My experience with the standups was my first and most painful reminder of how easily going through the Scrum motion can miss achieving their intended purpose. I came to believe that the standups were not being done for the benefit of the team members, but they were done because there was some unstated expectation from above that they should be done.
5. Wasteful retrospectives
As a coach, I used to tell teams that they can change anything about their process, but keep the retrospective, as it was the sacred ceremony for process improvement, therefore I was surprised when I began to detest the retro almost as much as the standup. Many of the reasons behind my dislike for the retro were similar to those of the standup: I wanted to be productive. I wanted to code. I wanted to get in the “flow” and stay there. Retrospectives were an impediment to all of these.
I was certainly an advocate for continuous improvement; I saw no shortage of opportunities to make things better. However, rarely would we delve deep into any of these topics in the retro. There always seemed to be elephants in the room, or tacit assumptions that some things were too big to change. Many of these were related to the codebase in which we were working – we would be constantly tripped up by the antiquity of the codebase, yet doing something about it seemed out of reach. Other “elephants” were related to product management, an unshakable “all or nothing” mentality that got in the way of prioritization.
As a result, the retrospectives tended towards debating insignificant minutia, (such as agonizing over specific wording of acceptance criteria) when compared against the overwhelming organizational impediments that we would conveniently ignore. To me, we were investing in micro-optimization, while simultaneously ignoring the glaring organizational impediments around us. This frustration was compounded by the tacit organizational expectation that we hold retrospectives (less we don’t “look” agile). It seemed as if the retrospectives were going through the motions for the sake of agile appearances.
In an effort to combat this, as a team, we ran an experiment: we tried having our retrospectives late on a Friday afternoon. The knowledge that the rest of the day would be a write-off anyways was a convenient antidote to the desire to get back to the desk. Further, we had the retrospectives offsite in a casual setting.
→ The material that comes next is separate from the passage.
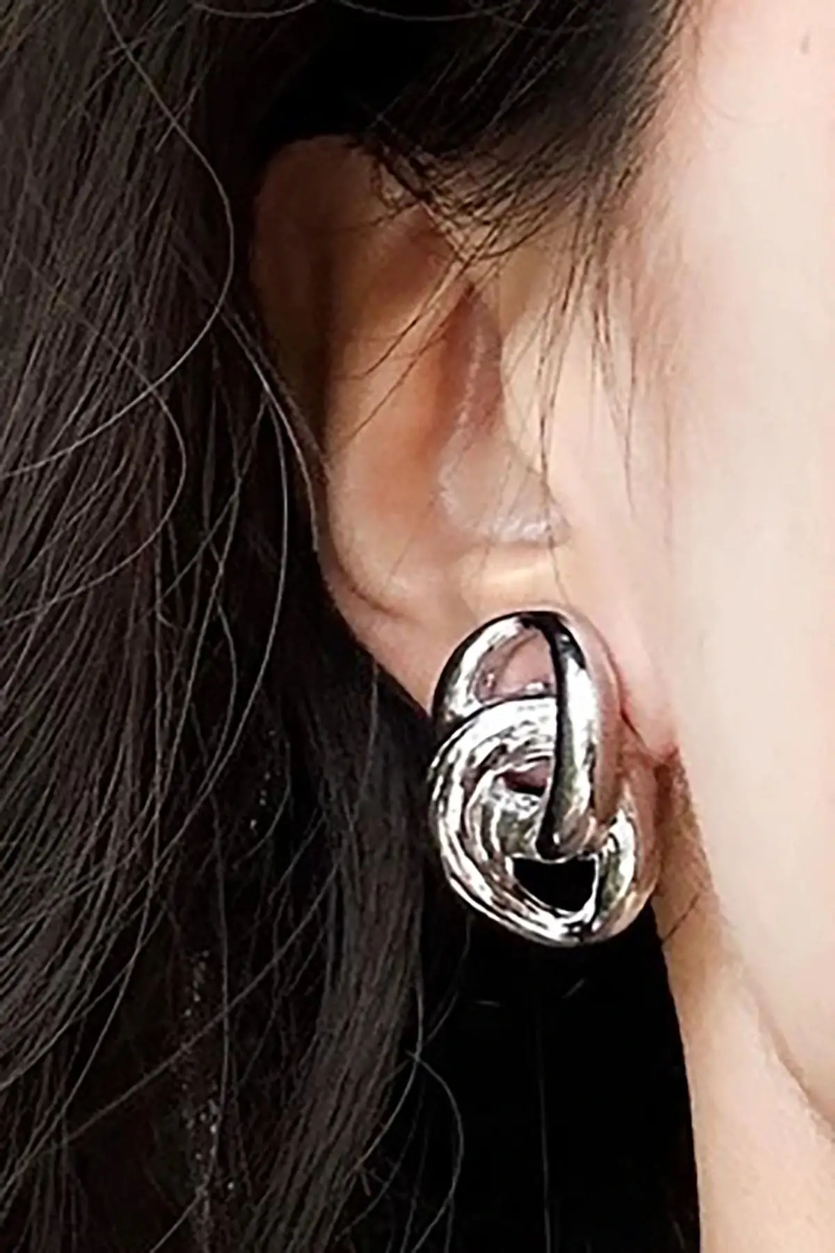 Gümüş Renk Zincir Detaylı Çelik Küpe (Çift)

Personally, I felt this very much opened up the conversation. We spoke more candidly, and we also began envisioning grand futures and possibilities. I found these conversations to be much more energizing and useful to build common clarity of purpose for our team and where we wanted to go technically. The shift to an off-site and unstructured retrospective, in my opinion at least, led to much more creative thinking.
6. Sometimes stories cannot be split
As a coach, I was a firm believer that stories could be easily split. I would react with immediate suspicion whenever a team would suggest that a story could not be split into smaller stories. Surely, there must be a way? And yes, there often was, but for every time I helped a team find a way to split a story, I encountered many other teams who were splitting stories that no longer honored the value of the story – they split along technical or task lines to force it into the iteration. Consistent with Bill Wake’s INVEST criteria for good user stories, a user story must be deliver business value when complete. Where I was non-prescriptive on specific ceremonies and practices, as a coach, I shared no such flexibility about honoring the definition of valuable user stories. To me, playing fast and loose with the definition of a story’s “value” fundamentally broke the purpose of agile: to obtain feedback through early and often delivery.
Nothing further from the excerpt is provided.